Прославление Маяковского в советские годы превратило его в «мумию». «Хрестоматийный глянец», наведенный на образ поэта, был такой густоты, что реальная личность человека и писателя Владимира Маяковского за ним едва проглядывалась. То, чего не терпел автор «Юбилейного», посвященного главному русскому поэту всех времен, проделали с ним самим. Атака на Маяковского, осуществленная накануне и после падения коммунистического режима Карабчиевским и подобным ему (только гораздо менее талантливыми) критиками, переводила разговор о поэте в русло общественно-политической дискуссии с пафосом морального обличительства и тоже существенно искажала настоящую суть феномена Маяковского. Как всегда и бывает, за оболочкой мифа, все равно положительного или негативного, исчезал реальный человек.

Современность не то чтобы понизила градус общественной дискуссии о прошлом (этого как раз не наблюдается – копья, ломающиеся вокруг фигуры великого и ужасного Сталина, тому свидетельство), но личность Маяковского из эпицентра «боев за историю», кипящих на баррикадах фейсбука, явно выпала. Поэта сегодня подводит другое, а именно, его слишком бурная личная жизнь – обстоятельства и порой пикантные подробности «брака с Бриками», перипетии его многочисленных романов и мимолетных связей затмевают собой все остальное. А ведь, как верно сказал о себе сам В. В. – «Я – поэт. Этим и интересен. Об этом и пишу. Об остальном – только если это отстоялось словом».

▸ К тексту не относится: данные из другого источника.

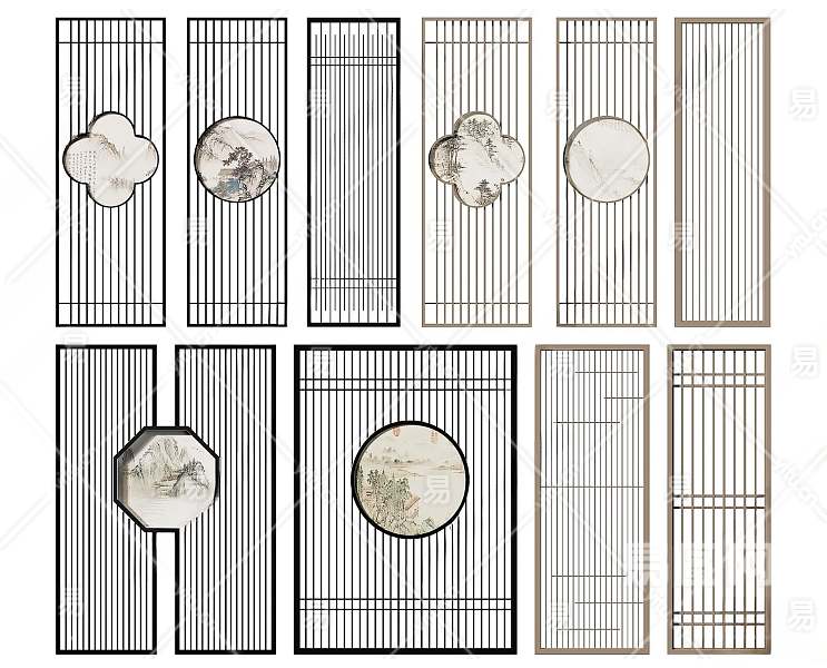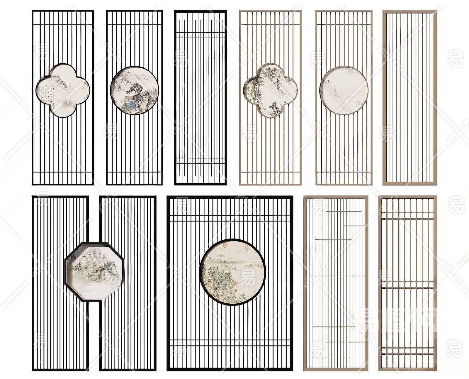 新中式隔断3D模型下载

Поэт Маяковский родился в 1912 году, когда начинающему автору было девятнадцать лет от роду. Своим первым стихотворением он сам считал «Ночь», написанную мощными размашистыми экспрессионистическими мазками:

Багровый и белый отброшен и скомкан,
в зеленый бросали горстями дукаты,
а черным ладоням сбежавшихся окон
раздали горящие желтые карты.

Уже эти строки подтверждали: явился новый необычный, ни на кого не похожий поэт. Однако и до вступления на поэтическое поприще юноши-Маяковского его жизнь была полна событий и бурь. Неуемный, как бы «кавказский» темперамент – он ведь родился и до 12 лет прожил в Грузии – не позволял вести спокойную размеренную жизнь прилежного гимназиста, мальчика из полубуржуазной семьи (отец был лесничим третьего разряда в селе Багдати неподалеку от Кутаиса). Когда в 1906 году отец умер, семья Маяковских переехала в Москву. Здесь только-только отгремели бои Первой русской революции (в декабре 905-ого на Пресне шла настоящая война с применением артиллерии). Неудивительно, что впечатлительный, нервный, легко воспламеняющийся подросток, полный необузданной энергии, увлекся идеями радикального общественного переустройства. Он связался с эсдеками и в пятнадцатилетнем возрасте даже вступил в РСДРП. За распространение подпольной литературы и прокламаций, которые бы сейчас непременно назвали экстремистскими, Маяковский неоднократно арестовывался. Самая длительная его отсидка (в одиночной камере Бутырской тюрьмы) заняла полгода, хотя сам поэт говорил об «11 бутырских месяцах» ‒ так называется главка в его автобиографии «Я сам».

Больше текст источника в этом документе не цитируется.